Here's my list of what a code reviewer should look for, from most important to least important:

  1. Validation by additional or changed unit tests.
  2. Duplication of functionality available elsewhere. Ironically, a lot of programmers like to rewrite things, even though it's obviously more work for them.
  3. Sections of code or idioms repeated.
  4. Clarity in what the new functionality does.
  5. All code is clearly required. Programmers love to make things that "might be useful someday" and usually it's never used. In Java, I often see people implementing "equals/hashCode", serialization, etc. for classes that never use these methods.
  6. Signs of junior programming practice: "Utility" classes, "Constant" classes, multiple layers (see 5), singletons, and other "Design Patterns Book" nonsense, etc. Note that utility classes aren't really bad per se, it's just that they are often written instead of supplying the appropriate functionality to an existing class or writing a new class.
  7. Untyped or too many parameters. Often the same sequence of parameters appear in multiple places, see 3.
  8. Premature optimization. See: 2. Actually this doesn't really matter as much, assuming this optimization is well tested.
  9. Class names that repeat the current namespace. Names that are too long. See 3.
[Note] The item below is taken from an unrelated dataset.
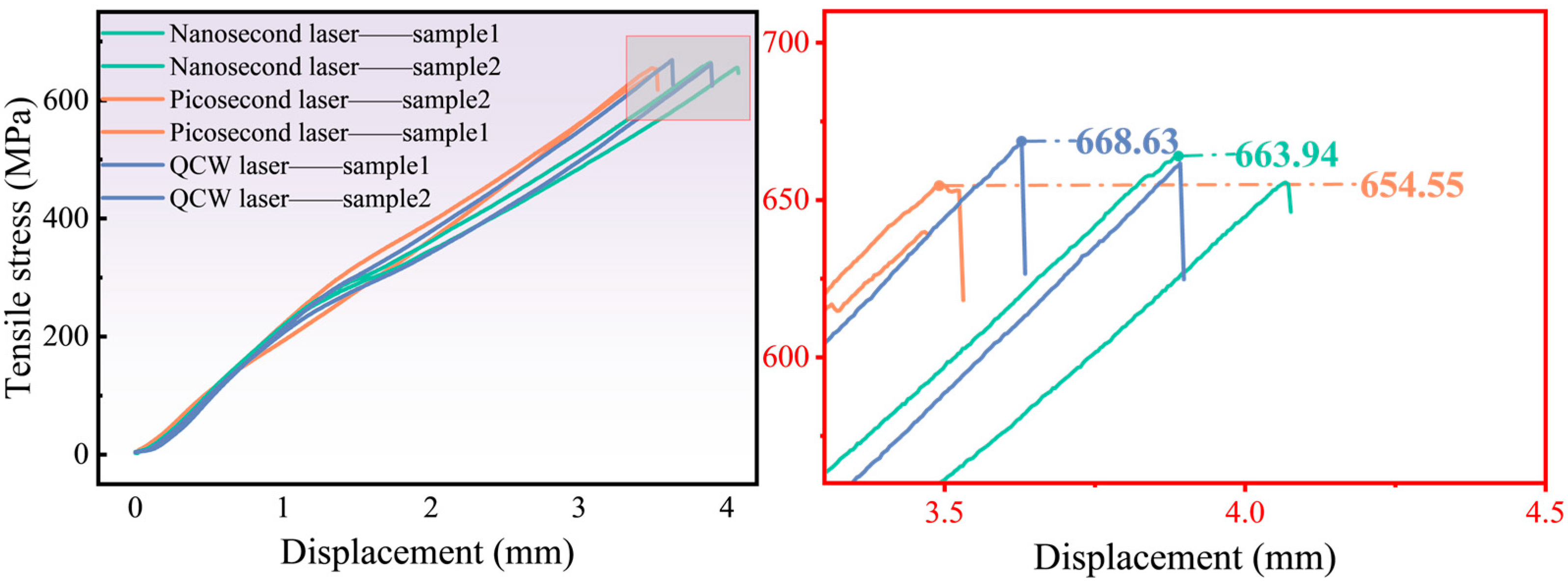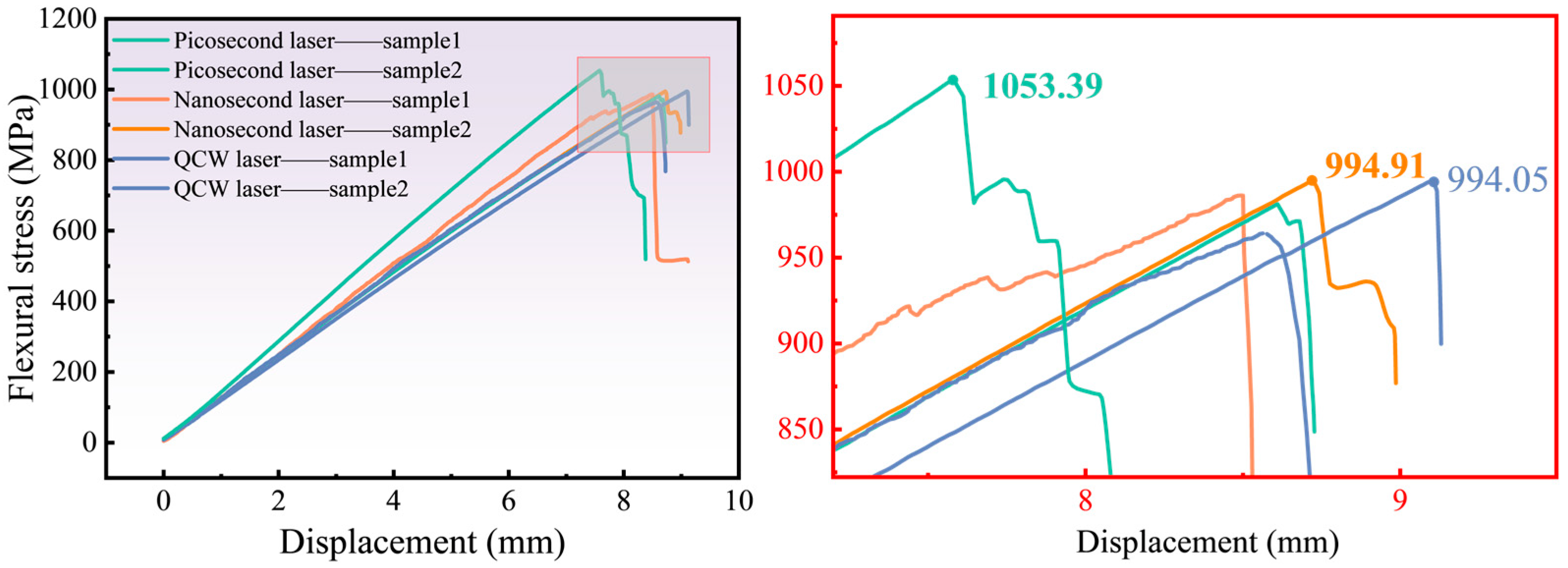 3.5. Influence of Three Distinct Pulse-Width Lasers on Mechanical Properties
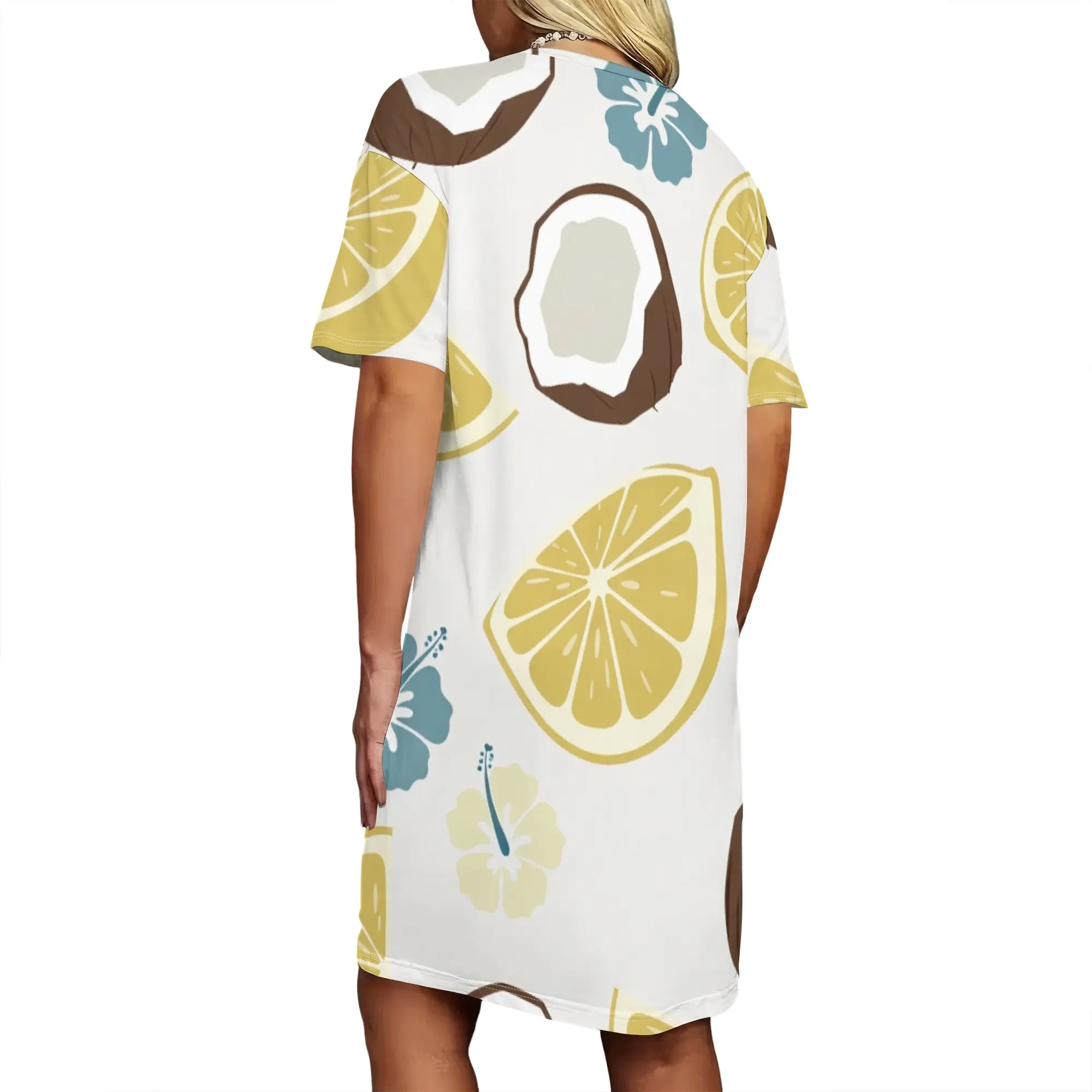 5. Ladies Lemon Coconut Print T-Shirt Dress Short Sleeve Casual Summer Mini Dress with Pocket

The above common problems are pretty easy to spot. The longer you spend on code reviews and generating comments the more it seems you're being overly critical, so always comment on the most important areas only.

Here are things that aren't as important and almost worth ignoring:

  1. Code (in)correctness. It's fairly impossible to find bugs just by reading code and unit testing is hopefully going to prove the code is correct. If you do spot some problem, mention it, I just don't see why you should try to "run" the program in your brain, that's what automated testing is for.
  2. Missing boiler-plate information, such as legal or copyright notices. This can be corrected using a tool, if needed. We eventually stopped adding boiler-plate to code at m-Qube since our code wasn't shared.
  3. Lack of code comments. The problem with most comments is they take up space, are often wordy, and don't explain anything new. Comments grow more and more inconsistent over time, so it's almost better to leave them out until the end of a project.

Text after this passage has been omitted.